We’ve found the best hyperparameter settings with MLlib (from the Question 4 from milestone3), here we then use the same hyperparameters to train a scikit-learn model. 

In [66]:
# Just replace ___ with the numbers you found from Milestone3-task4.ipynb
model = RandomForestRegressor(n_estimators=100, max_depth=5, bootstrap=True, random_state=123)
model.fit(X_train, y_train)

In [69]:
print(f"Train RMSE: {mean_squared_error(y_train, model.predict(X_train), squared=False):.2f}")
print(f" Test RMSE: {mean_squared_error(y_test, model.predict(X_test), squared=False):.2f}")

Train RMSE: 7.93
 Test RMSE: 8.51


In [70]:
# ready to deploy
# where this model is saved?
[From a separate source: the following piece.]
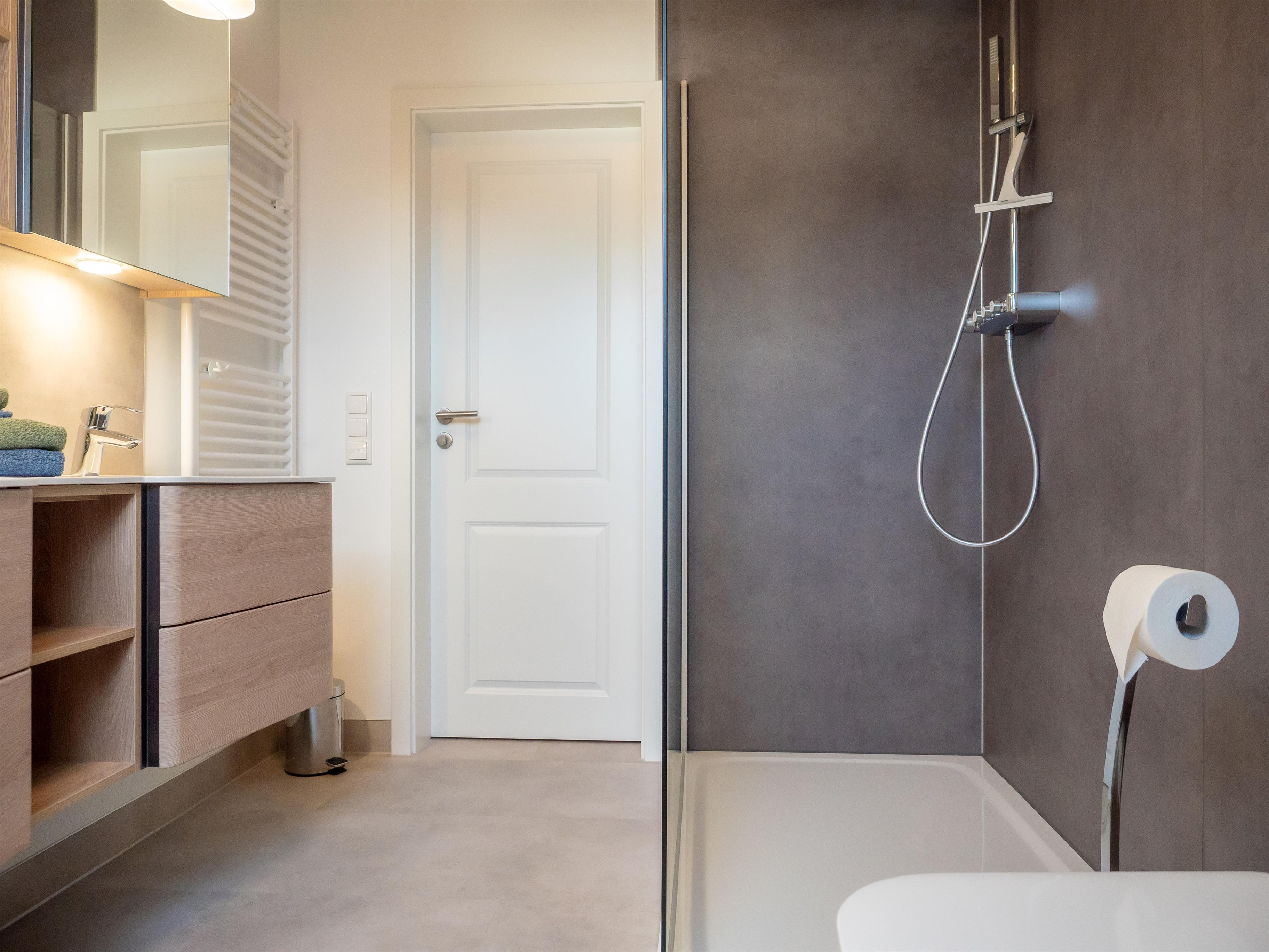 Das Badezimmer verfügt über eine Dusche und einen Haartrockner.

Understand the concept of relative path.
dump(model, "model.joblib")

['model.joblib']

In [75]:
# import boto3
# s3 = boto3.resource('s3')
# ### your bucket details s3://mdsfinal/output/
# s3.meta.client.upload_file('model.joblib',## your local file path
#                            'mdsfinal', ## your s3 bucket
#                            'output/model.joblib') ## the key within the S3 bucket, you can also think this as your file path followed by bucket name
wr.s3.upload(local_file='model.joblib', path='s3://mds-525-group-15/output/model.joblib')

***Upload model.joblib to s3 under output folder. You choose how you want to upload it (using CLI, SDK, or web console).*** Web console is also completely fine as it is a small file.